Hace unos meses, una serie de anuncios de infraestructura sacudió la agenda pública. La promesa de nuevas líneas de Metro llegando a comunas históricamente postergadas como Lo Espejo, extensiones hacia el poniente de Maipú, un tren al aeropuerto y el avance de proyectos ferroviarios de gran escala como el tramo a Melipilla, dibujaron la imagen de un Santiago que avanza hacia una mayor integración. “Rompe con la exclusión histórica”, celebró la alcaldesa de Lo Espejo, Javiera Reyes. “Le cambia la vida a mucha gente”, complementó Tomás Vodanovic, alcalde de Maipú. Estas obras, presentadas como políticas de Estado que trascienden gobiernos, encarnan la promesa de una ciudad más justa y conectada, un anhelo respaldado por millonarias inversiones, como los US$ 700 millones aprobados por el banco de desarrollo CAF para la red ferroviaria.
Sin embargo, pasadas las celebraciones iniciales, el pulso de la ciudad revela una narrativa más compleja. Mientras la red de transporte se expande hacia los bordes, en el corazón de la metrópoli y en sus comunas consolidadas, la batalla se libra por cada metro cuadrado. La promesa de conectividad choca con la realidad de una ciudad cuyas visiones de futuro están en abierta disputa.
El avance de la mancha urbana no es un proceso armónico. En Quilicura, el municipio liderado por Paulina Bobadilla mantiene una batalla legal para frenar el proyecto “Parque Quilicura”, un complejo de 50 edificios y 1.600 viviendas. La alcaldía argumenta que la obra, con una inversión de US$ 100 millones, generaría un riesgo para la salud de la población y una sobrecarga de los servicios básicos. El Servicio de Evaluación Ambiental (SEA) ha defendido la viabilidad del proyecto, pero el conflicto expone una tensión fundamental: el choque entre la densificación impulsada por el sector inmobiliario y la capacidad de la infraestructura local para soportarla. Este caso no es aislado y resuena con denuncias como la de la Fundación Defendamos la Ciudad sobre un edificio de 22 pisos en una zona de Las Condes con un límite de altura de apenas seis, alimentando la percepción de un desarrollo desigual y normativas flexibles para el capital.
Estos conflictos en la periferia y en zonas de expansión demuestran que el “progreso” no es un concepto unívoco. Para los desarrolladores es una oportunidad de inversión; para el gobierno central, una solución al déficit habitacional; pero para los vecinos, a menudo se traduce en el deterioro de su entorno y calidad de vida.

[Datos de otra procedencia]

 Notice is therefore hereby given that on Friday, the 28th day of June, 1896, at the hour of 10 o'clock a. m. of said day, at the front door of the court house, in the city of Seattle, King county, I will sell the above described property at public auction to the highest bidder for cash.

Si en los bordes la disputa es por el crecimiento, en el centro es por el uso y el carácter del espacio público. El Parque Estadio Nacional, renovado para los Juegos Panamericanos, se ha convertido en un nuevo foco de tensión. El alcalde de Ñuñoa, Sebastián Sichel, ha cuestionado duramente su uso como recinto para mega-conciertos como los de Shakira o Guns N’ Roses. Sichel argumenta que la promesa fue un espacio deportivo, que los eventos generan ruido y externalidades negativas que pagan los vecinos, y que el municipio “no recibe nada” de los ingresos que genera el Estado. Los productores de eventos, por su parte, responden que existe un déficit de recintos masivos y que cumplen con toda la normativa vigente. “Creemos que se trata de un debate legítimo que supera nuestra empresa”, señaló Francisco Goñi, de The Fanlab, apuntando a una conversación pendiente entre los estamentos del Estado.

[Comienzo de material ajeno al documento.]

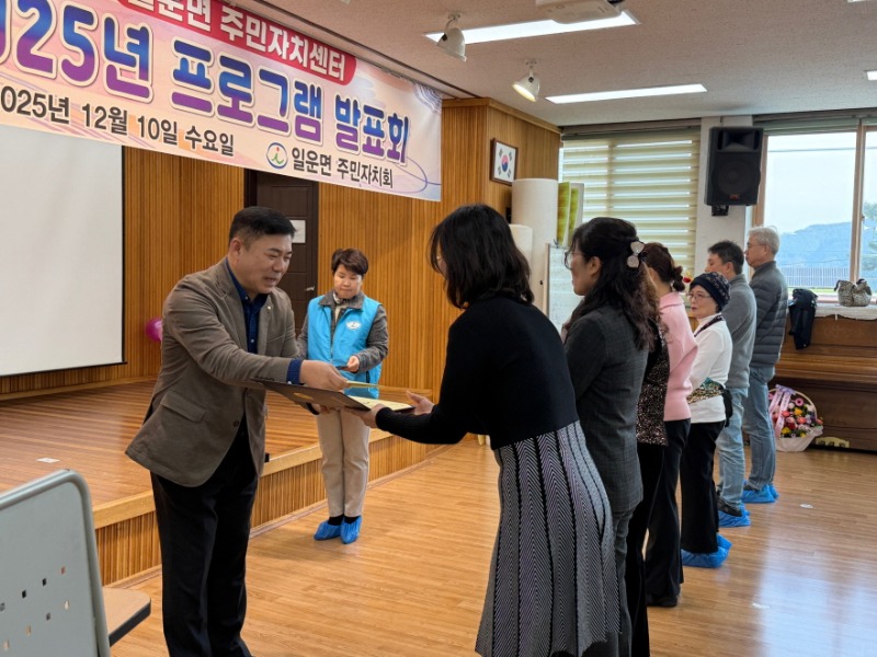 일운면 주민자치회(회장 여철근)가 지난 10일 ‘2025년 주민자치센터 프로그램 발표회’를 개최하여 성황리에 마무리했다.

Un dilema similar se reabrió con el anunciado regreso del festival Lollapalooza al Parque O’Higgins en 2026. La decisión, impulsada por el alcalde de Santiago, Mario Desbordes, revivió las mismas críticas que llevaron a su salida en 2021 bajo la administración de Irací Hassler: deterioro del parque, ruido y molestias para los vecinos. Un editorial de La Tercera apuntaba a la contradicción de quienes defienden el uso comunitario del parque oponiéndose a Lollapalooza, pero no a las Fondas de Fiestas Patrias, que generan problemas idénticos o mayores en términos de seguridad y aseo. Este debate evidencia cómo la discusión sobre el uso del espacio público está teñida de consideraciones culturales e ideológicas sobre qué tipo de actividades son “legítimas” para la comunidad.
Incluso la recuperación de espacios simbólicos no está exenta de controversia. La renovación del eje Alameda, con la restauración de 13 monumentos en Providencia y la futura instalación de una escultura en homenaje a Gabriela Mistral en el nudo Baquedano, es un intento por sanar una herida urbana y simbólica. Sin embargo, también representa una forma de redefinir la narrativa de un espacio que, desde el estallido social de 2019, se ha cargado de significados políticos en disputa.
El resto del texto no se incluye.